M. [M] [G] déclare être ressortissante irakien.

Il a été condamné le 28 mars 2023 par la cour d'appel d'Angers à une peine de trois ans d'emprisonnement et à une interdiction du territoire français pour une durée de dix ans pour des faits d'aide à l'entrée, à la circulation ou au séjour irrégulier d'un étranger en France et participation à une association de malfaiteurs en vue de la préparation d'un délit puni de dix ans d'emprisonnement.

Il a été placé en rétention administrative le 3 décembre 2024, à l'issue de sa levée d'écrou.

La prolongation de sa rétention administrative a été autorisée par ordonnance du juge du tribunal judiciaire de Rouen du 7 décembre 2024 pour une durée de vingt-six jours.

M. [M] [G] a interjeté appel de cette décision.
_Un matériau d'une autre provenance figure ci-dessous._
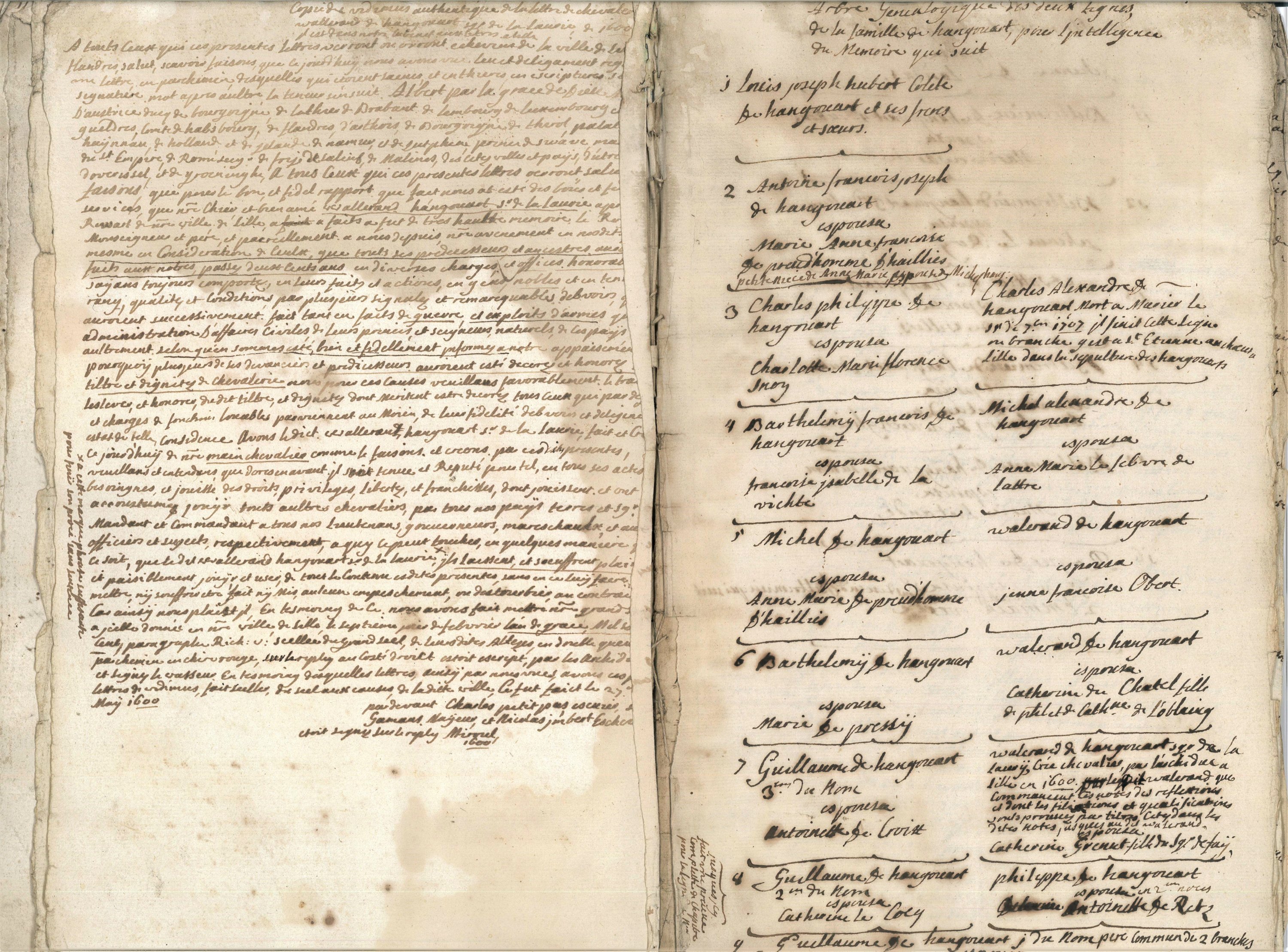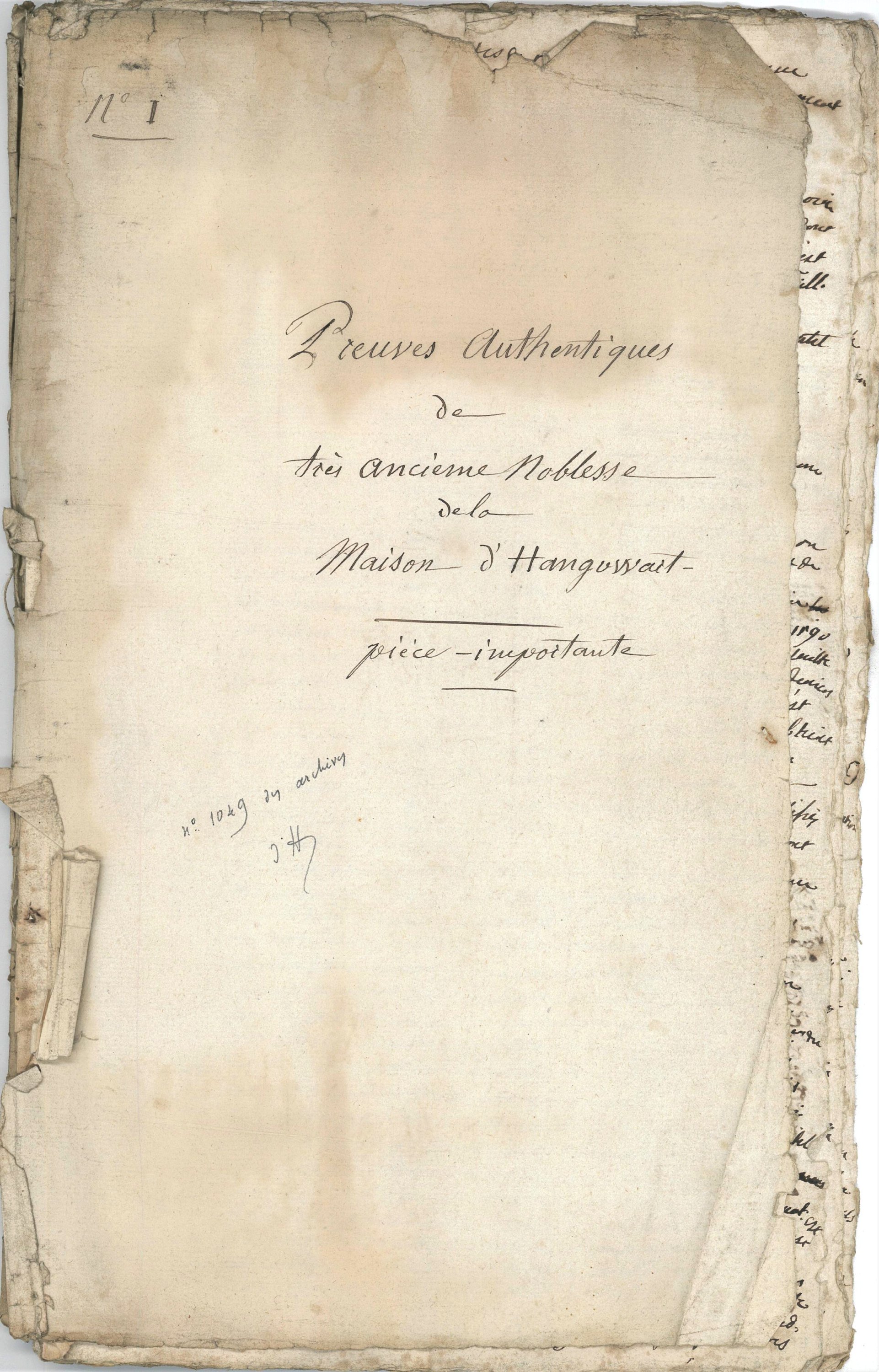 « Preuves authentiques de la haute noblesse de la maison dHangouwart », 18e siècle, 63 pp. in-4 ;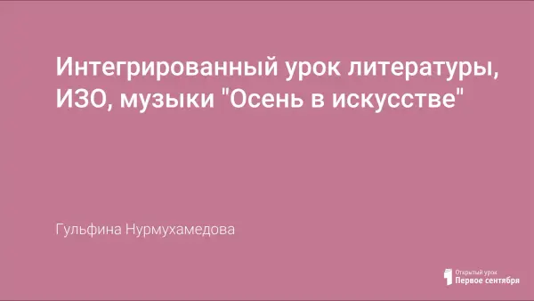 Класс разделён по группам (лирики, художники, музыканты). Задания - разноуровневые. По ходу урока заполняется таблица о мастерах искусства. Лирики читают, сочиняют, анализируют; художники готовят сообщения, рисуют, описывают картины, демонстрируют свои работы, музыканты рассказывают о композиторах, произведениях, поют. Оценки выставляют, комментируя, руководители групп. На дом: сочинение - миниатюра "Осень на моей улице".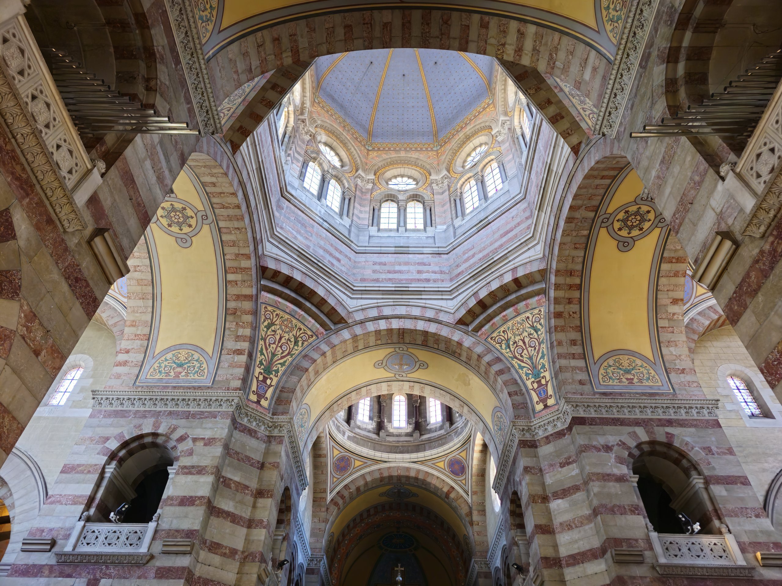 Üç nefli katedralin girişi anıtsal ve güzel bir şekilde dekore edilmiş bir portikodan geçmektedir. Cömert iç mekânlar beyaz Carrara mermeri ve pembe porfir duvarlarla kaplıdır.

Au soutien de son appel, il fait valoir :

- l'irrégularité du recours à la visioconférence

- l'irrégularité de la fiche de levée d'écrou et par suite sa privation de liberté sans cadre légal

- l'insuffisance de motivation de l'arrêté de placement en rétention administrative

- la violation de l'article 3 de la CEDH

- l'insuffisance des diligences entreprises par l'administration française et l'absence de prespectives d'éloignement

Le préfet de l'Eure a communiqué ses observations écrites.

Le dossier a été communiqué au parquet général qui, par avis écrit du 9 décembre 2024, a requis la confirmation de l'ordonnance.

A l'audience, son conseil a réitéré les moyens développés dans l'acte d'appel.

M. [M] [G] a été entendu en ses observations.